Liegenschaftszinssätze und Wertzahlen wurden an das aktuelle Marktniveau angepasst. Die Anpassungen können insbesondere bei Übertragungen von Ein- und Zweifamilienhäusern sowie Eigentumswohnungen zum Anstieg der Schenkung- und Erbschaftsteuer führen, soweit mangels Vergleichswerten das Sachwertverfahren einschlägig ist. Betroffen sind auch Mehrfamilienhäuser, bei denen regelmäßig der Ertragswert herangezogen wird.
Ein Beispiel: Mehr als die doppelte Erbschaftsteuer
Angenommen der vorläufige Sachwert eines Einfamilienhauses in guter Lage beträgt nach altem und neuem Bewertungsgesetz rund 700.000 Euro. Der alte Wertzahl beträgt 1,0 die neue 1,3. Dann war der alte Steuerwert 700.000 und der neue beträgt 910.000 Euro. Der Freibetrag für ein Kind beträgt nach wie vor 400.000 Euro. Während bis 31.12.2022 somit 700.000 ./. 400.000 x 11 % = 33.000 Euro Erbschaftsteuer anfielen, beläuft sich die Schenkungsteuer jetzt auf 910.000 ./. 400.000 x 15 % = 76.500 Euro.

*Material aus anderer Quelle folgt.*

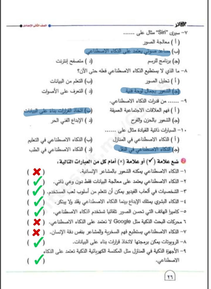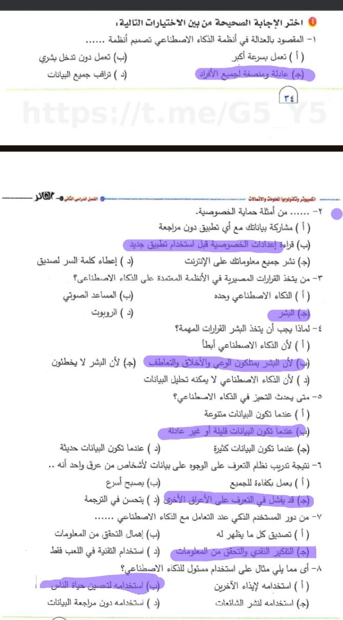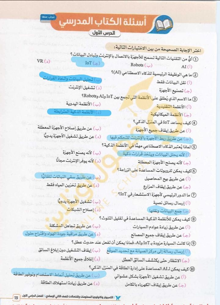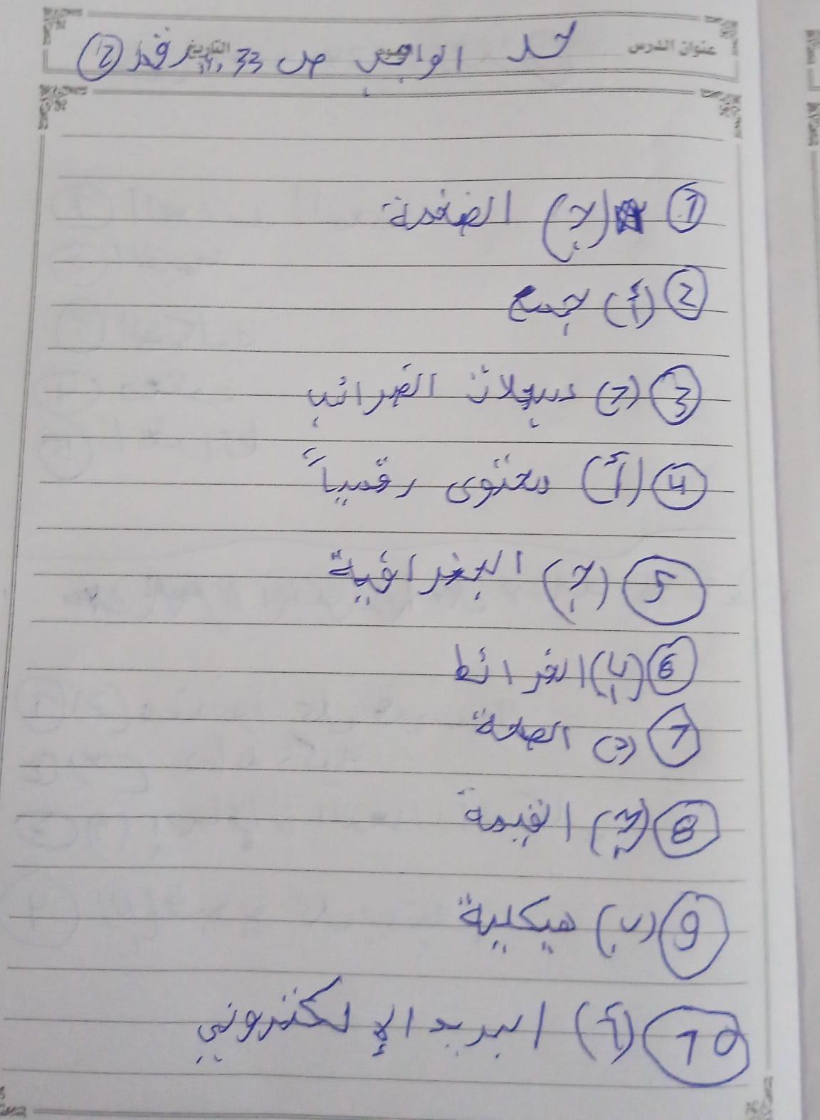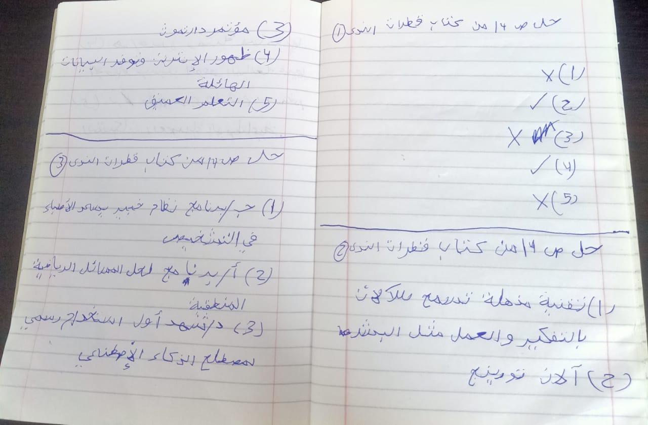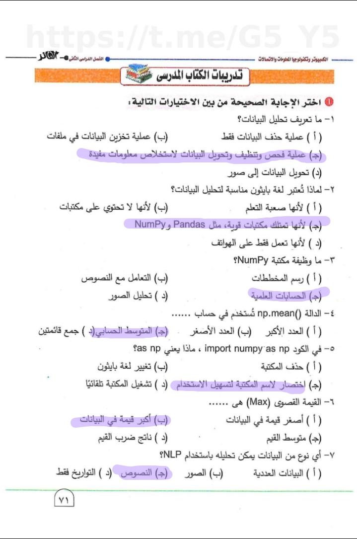 تم حل واجب التكنولوجيا والمعلومات + مش متأكد من الواجب ميه في الميه فا يمس صحيحلي الواجب وشوفي إذا كان أخطاء أم لا + أبعتيلي الكتاب يأما هحاول أتواصل معاكي بطريقه تانيه…

Die wichtigsten Änderungen im Gesetzestext
§ 188 BewG Liegenschaftszinssatz
(1) Liegenschaftszinssätze sind Kapitalisierungszinssätze, mit denen Verkehrswerte von Grundstücken je nach Grundstücksart im Durchschnitt marktüblich verzinst werden.
(2) Anzuwenden sind die von den Gutachterausschüssen im Sinne der §§ 192 ff. des Baugesetzbuchs ermittelten Liegenschaftszinssätze nach Maßgabe des § 177 Absatz 2 und 3. Soweit derartige Liegenschaftszinssätze nicht zur Verfügung stehen, gelten die folgenden Zinssätze:
1. 3,5 Prozent für Mietwohngrundstücke (bis 31.12.22 5 Prozent)

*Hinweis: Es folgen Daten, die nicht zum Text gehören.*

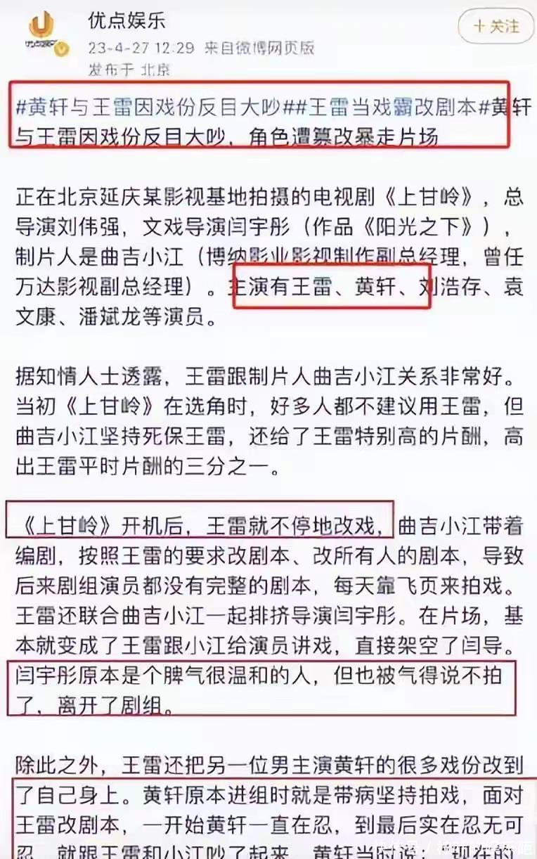 拍《陆战之王》时,他因一条微博暗指用替身惹来非议;《上甘岭》时间又被以为私行改脚本,加戏导致黄轩发火,尽管本东谈主否定不和,但外界长久难释疑虑。
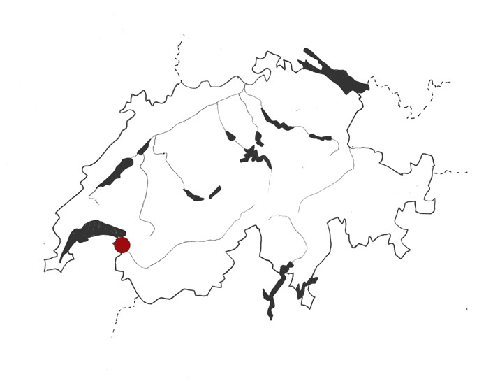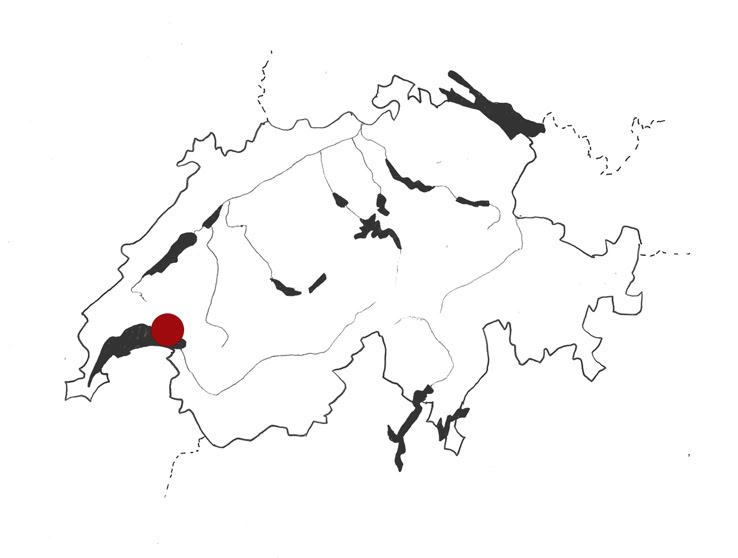 Sol profond, grâce aux murs de vignes élevés. Terre moyenne à lourde, limon sableux et calcaire. Texture fine, équilibrée, tendance au tassement. Une bonne présence de matière organique, activité des vers de terre favorisant la formation de grumeaux. Cailloux (20%), provenance moraine glacière. Bonne circulation de l’air et de l’eau en profondeur, le sol repose sur une molasse grise de 30 millions d’années.

2. 4,5 Prozent für gemischt genutzte Grundstücke mit einem gewerblichen Anteil von bis zu 50 Prozent, berechnet nach der Wohn- und Nutzfläche (bis 31.12.22 5,5 Prozent)

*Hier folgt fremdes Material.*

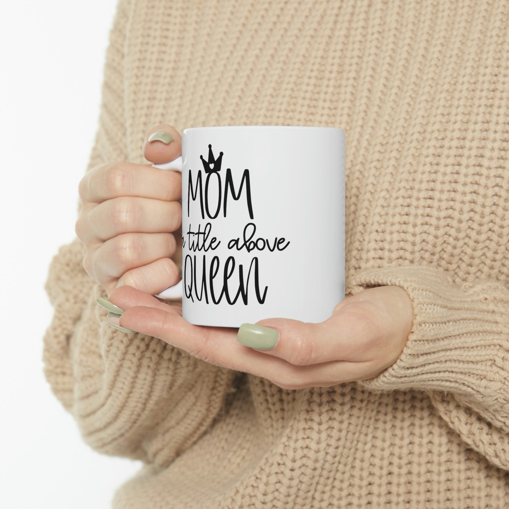 Looking for the perfect gift for a coffee-loving mom? Check out our "Mom Before Queen" coffee mug! This 11 oz. mug features a stylish and eye-catching design with the words "Mom Before Queen" in bold, black letters. It's the perfect way for busy moms to enjoy their morning cup of coffee and be reminded that they are appreciated.

3. 5,0 Prozent für gemischt genutzte Grundstücke mit einem gewerblichen Anteil von mehr als 50 Prozent, berechnet nach der Wohn- und Nutzfläche (bis 31.12.22 6 Prozent), und
4. 6,0 Prozent für Geschäftsgrundstücke (bis 31.12.22 6,5 Prozent)
§ 191 BewG Wertzahlen
Als Wertzahlen im Sinne des § 189 Absatz 3 sind die von den Gutachterausschüssen im Sinne der §§ 192 ff. des Baugesetzbuchs ermittelten Sachwertfaktoren nach Maßgabe des § 177 Absatz 2 und 3 anzuwenden. Soweit derartige Sachwertfaktoren nicht zur Verfügung stehen, sind die in Anlage 25 bestimmten Wertzahlen zu verwenden.